Work task> With the images removed, transcribe the listing that follows exactly.

Data block>
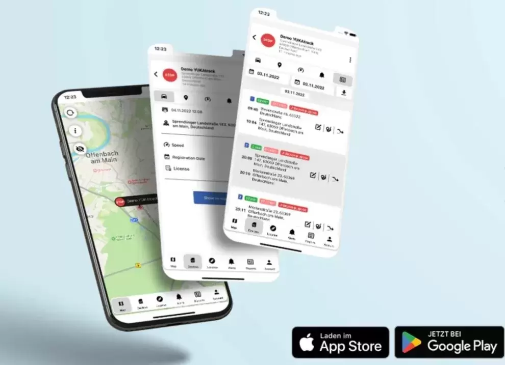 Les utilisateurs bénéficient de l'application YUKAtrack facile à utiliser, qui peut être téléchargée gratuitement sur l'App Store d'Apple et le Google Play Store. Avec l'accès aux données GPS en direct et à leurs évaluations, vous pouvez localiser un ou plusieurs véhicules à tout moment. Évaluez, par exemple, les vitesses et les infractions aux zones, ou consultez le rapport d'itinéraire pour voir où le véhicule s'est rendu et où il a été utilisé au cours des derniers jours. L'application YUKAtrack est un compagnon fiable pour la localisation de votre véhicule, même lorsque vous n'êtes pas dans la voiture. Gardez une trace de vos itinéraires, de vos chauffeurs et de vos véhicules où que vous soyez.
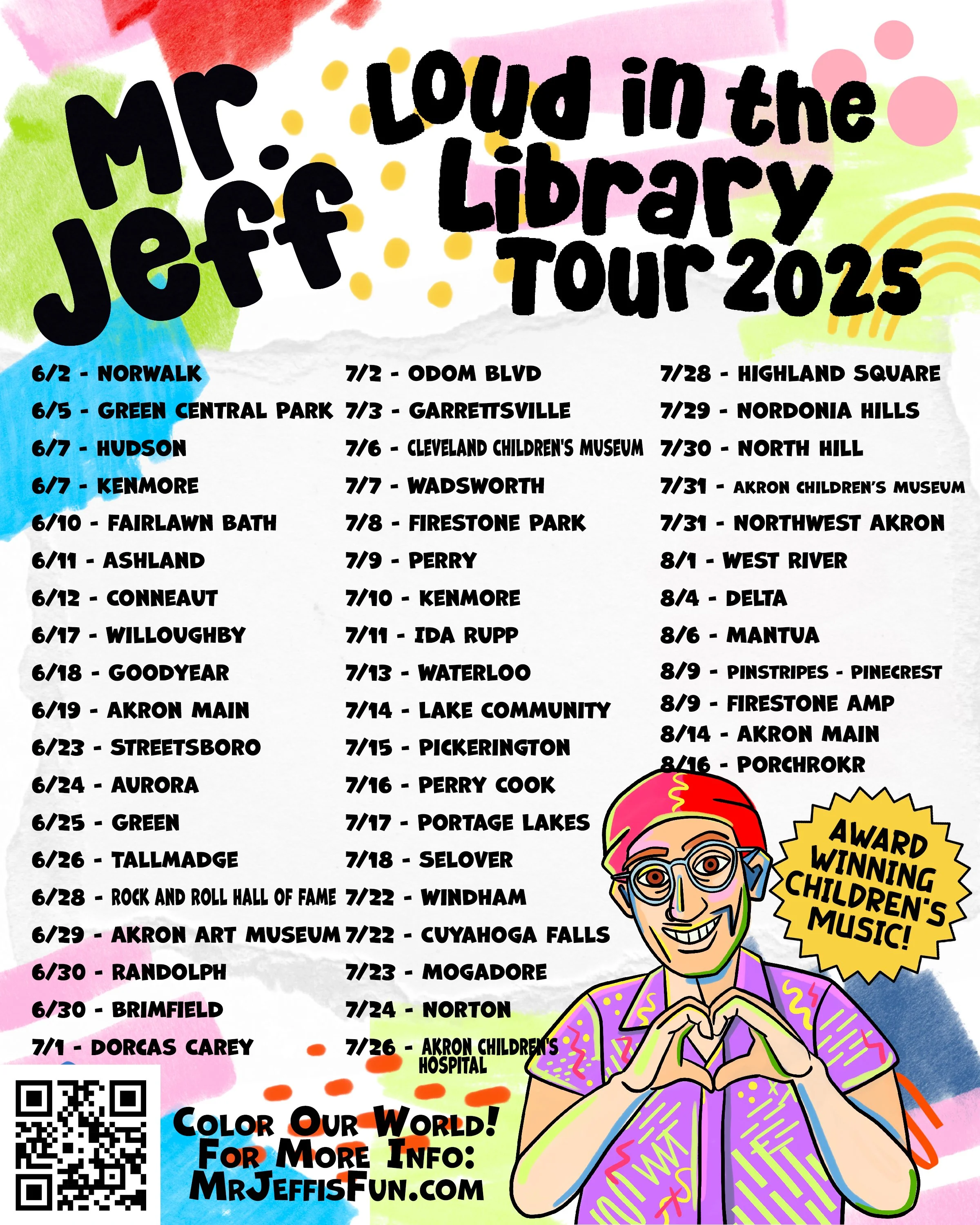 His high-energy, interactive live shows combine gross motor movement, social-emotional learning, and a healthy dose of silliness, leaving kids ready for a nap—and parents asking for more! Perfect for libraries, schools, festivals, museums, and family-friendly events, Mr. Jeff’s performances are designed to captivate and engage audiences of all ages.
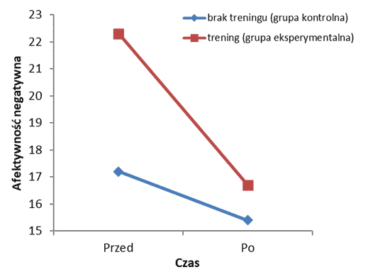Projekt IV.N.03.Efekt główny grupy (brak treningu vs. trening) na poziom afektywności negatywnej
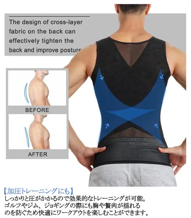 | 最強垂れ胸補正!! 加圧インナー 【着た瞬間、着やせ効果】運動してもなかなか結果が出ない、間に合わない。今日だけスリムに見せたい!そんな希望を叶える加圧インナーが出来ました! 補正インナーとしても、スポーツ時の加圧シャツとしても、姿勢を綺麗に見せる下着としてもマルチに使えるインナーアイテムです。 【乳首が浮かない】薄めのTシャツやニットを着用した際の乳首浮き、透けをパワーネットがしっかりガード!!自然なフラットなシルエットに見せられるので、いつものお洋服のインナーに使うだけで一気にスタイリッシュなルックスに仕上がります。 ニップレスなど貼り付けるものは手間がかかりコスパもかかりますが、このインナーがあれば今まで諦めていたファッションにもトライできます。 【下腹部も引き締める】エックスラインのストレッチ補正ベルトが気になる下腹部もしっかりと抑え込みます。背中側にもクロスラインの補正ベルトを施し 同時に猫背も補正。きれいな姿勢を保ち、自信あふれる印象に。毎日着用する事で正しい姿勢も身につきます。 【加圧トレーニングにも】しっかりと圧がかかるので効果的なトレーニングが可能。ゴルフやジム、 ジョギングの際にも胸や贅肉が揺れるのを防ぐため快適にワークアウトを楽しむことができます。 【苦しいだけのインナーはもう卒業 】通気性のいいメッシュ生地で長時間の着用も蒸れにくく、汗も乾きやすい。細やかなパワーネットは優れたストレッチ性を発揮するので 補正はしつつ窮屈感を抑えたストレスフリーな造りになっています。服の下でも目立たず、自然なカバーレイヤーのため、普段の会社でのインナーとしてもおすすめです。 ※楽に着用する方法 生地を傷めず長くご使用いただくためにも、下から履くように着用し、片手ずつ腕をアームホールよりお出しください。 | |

Output for this exercise>
 Les utilisateurs bénéficient de l'application YUKAtrack facile à utiliser, qui peut être téléchargée gratuitement sur l'App Store d'Apple et le Google Play Store. Avec l'accès aux données GPS en direct et à leurs évaluations, vous pouvez localiser un ou plusieurs véhicules à tout moment. Évaluez, par exemple, les vitesses et les infractions aux zones, ou consultez le rapport d'itinéraire pour voir où le véhicule s'est rendu et où il a été utilisé au cours des derniers jours. L'application YUKAtrack est un compagnon fiable pour la localisation de votre véhicule, même lorsque vous n'êtes pas dans la voiture. Gardez une trace de vos itinéraires, de vos chauffeurs et de vos véhicules où que vous soyez.
 His high-energy, interactive live shows combine gross motor movement, social-emotional learning, and a healthy dose of silliness, leaving kids ready for a nap—and parents asking for more! Perfect for libraries, schools, festivals, museums, and family-friendly events, Mr. Jeff’s performances are designed to captivate and engage audiences of all ages.
Projekt IV.N.03.Efekt główny grupy (brak treningu vs. trening) na poziom afektywności negatywnej
 | 最強垂れ胸補正!! 加圧インナー 【着た瞬間、着やせ効果】運動してもなかなか結果が出ない、間に合わない。今日だけスリムに見せたい!そんな希望を叶える加圧インナーが出来ました! 補正インナーとしても、スポーツ時の加圧シャツとしても、姿勢を綺麗に見せる下着としてもマルチに使えるインナーアイテムです。 【乳首が浮かない】薄めのTシャツやニットを着用した際の乳首浮き、透けをパワーネットがしっかりガード!!自然なフラットなシルエットに見せられるので、いつものお洋服のインナーに使うだけで一気にスタイリッシュなルックスに仕上がります。 ニップレスなど貼り付けるものは手間がかかりコスパもかかりますが、このインナーがあれば今まで諦めていたファッションにもトライできます。 【下腹部も引き締める】エックスラインのストレッチ補正ベルトが気になる下腹部もしっかりと抑え込みます。背中側にもクロスラインの補正ベルトを施し 同時に猫背も補正。きれいな姿勢を保ち、自信あふれる印象に。毎日着用する事で正しい姿勢も身につきます。 【加圧トレーニングにも】しっかりと圧がかかるので効果的なトレーニングが可能。ゴルフやジム、 ジョギングの際にも胸や贅肉が揺れるのを防ぐため快適にワークアウトを楽しむことができます。 【苦しいだけのインナーはもう卒業 】通気性のいいメッシュ生地で長時間の着用も蒸れにくく、汗も乾きやすい。細やかなパワーネットは優れたストレッチ性を発揮するので 補正はしつつ窮屈感を抑えたストレスフリーな造りになっています。服の下でも目立たず、自然なカバーレイヤーのため、普段の会社でのインナーとしてもおすすめです。 ※楽に着用する方法 生地を傷めず長くご使用いただくためにも、下から履くように着用し、片手ずつ腕をアームホールよりお出しください。 | |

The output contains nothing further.